**Materials provided**
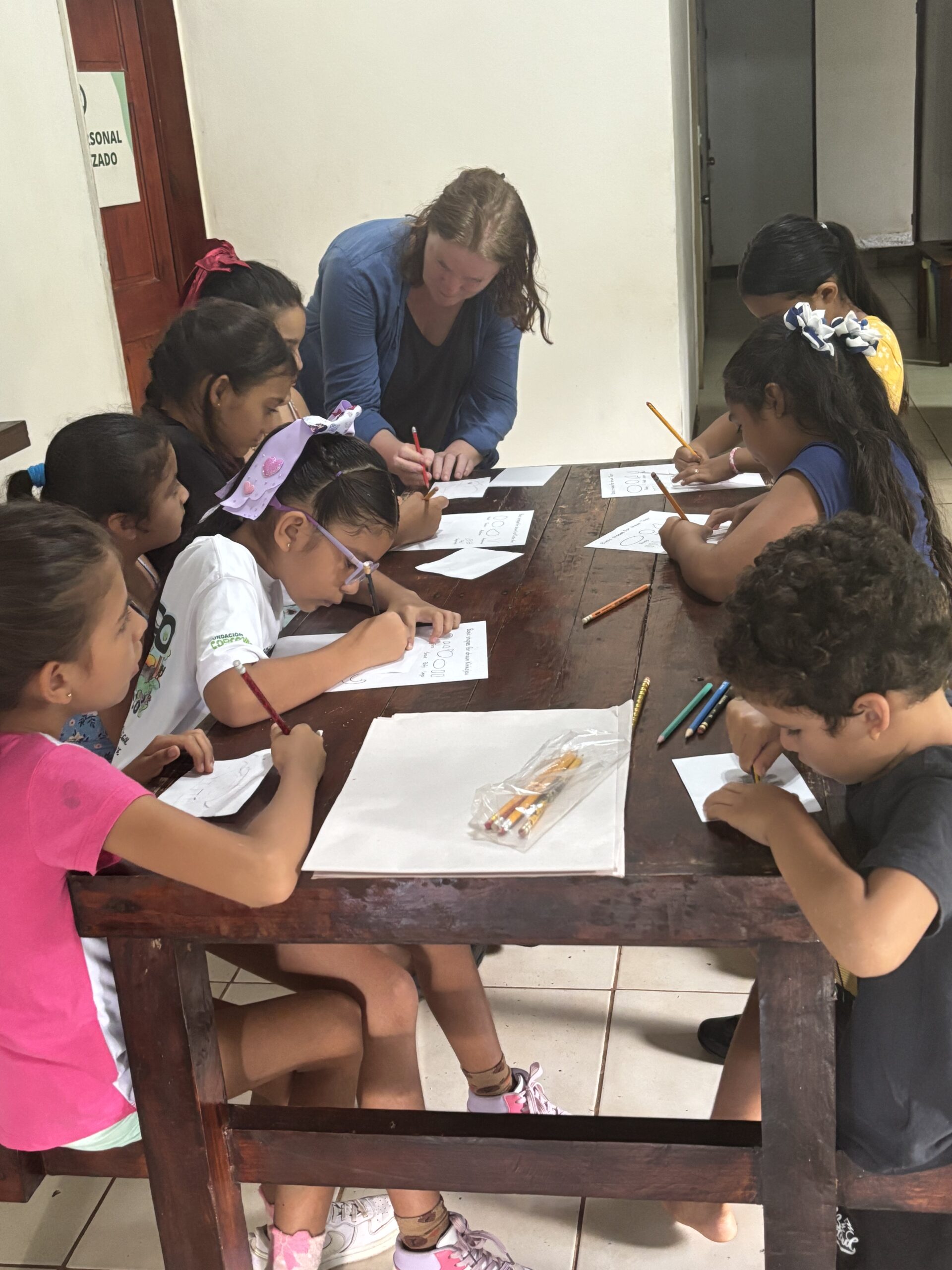 De biologen waarmee ik samenwerk verzorgen de uitleg, waarna ik met de kinderen aan de slag ga met tekenen.
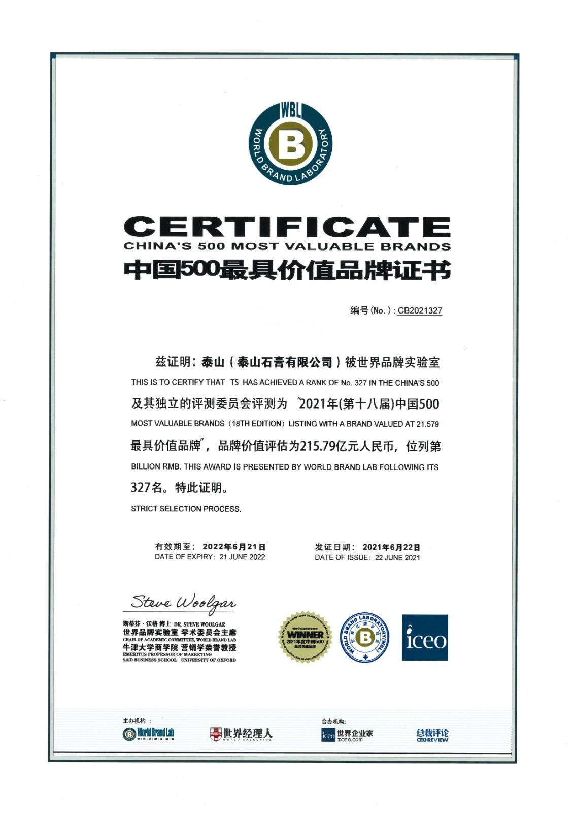 奖项名称: 中国500最具价值品牌证书 颁发机构: 世界品牌实验室 学术委员会主席 2021年06月22日 奖项说明: 中国500最具价值品牌证书
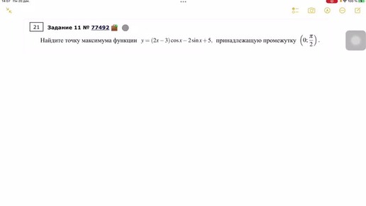 Задача 12, исследование функции, где есть и тригонометрическая часть и рациональная.
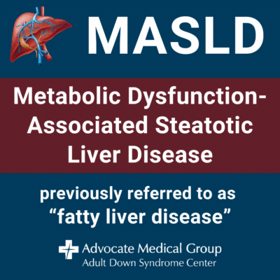 - People with Down syndrome have an increased risk of developing MASLD. Obesity further increases the risk for people with Down syndrome.
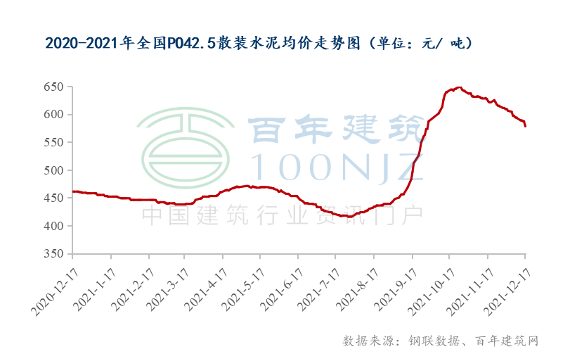 据数据统计,截至12月17日,全国P.O42.5散装水泥均价578元/吨,日环比下跌1.37%,周环比下跌2.53%,预计今日全国水泥价格呈下跌趋势。
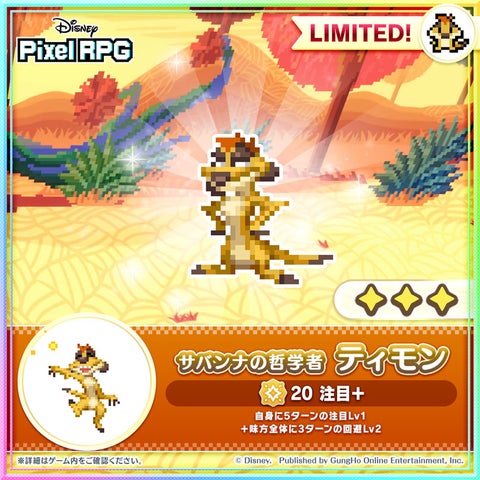 - 期間限定ガチャに「プライドランドの王子 シンバ」と「サバンナの哲学者 ティモン」が登場。
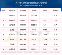 截止2024年4月15日,个股表现方面,心血管概念股当日领跌股为易明医药(002826),该股当日报收7.74,上涨-8.51%,成交量10.3万。沃华医药(002107)以下跌-7.49%紧随其后,该股当日成交量15.27万。此...

**Assigned task**
In the entries above, find the line that contains "奖项名称: 中国500最具价值品牌证书 颁发机构: 世界品牌实验室" and the line that contains "据数据统计,截至12月17日". Reproduce exactly those two lines and every line between them, but not the pictures.

**Task answer**
 奖项名称: 中国500最具价值品牌证书 颁发机构: 世界品牌实验室 学术委员会主席 2021年06月22日 奖项说明: 中国500最具价值品牌证书
 Задача 12, исследование функции, где есть и тригонометрическая часть и рациональная.
 - People with Down syndrome have an increased risk of developing MASLD. Obesity further increases the risk for people with Down syndrome.
 据数据统计,截至12月17日,全国P.O42.5散装水泥均价578元/吨,日环比下跌1.37%,周环比下跌2.53%,预计今日全国水泥价格呈下跌趋势。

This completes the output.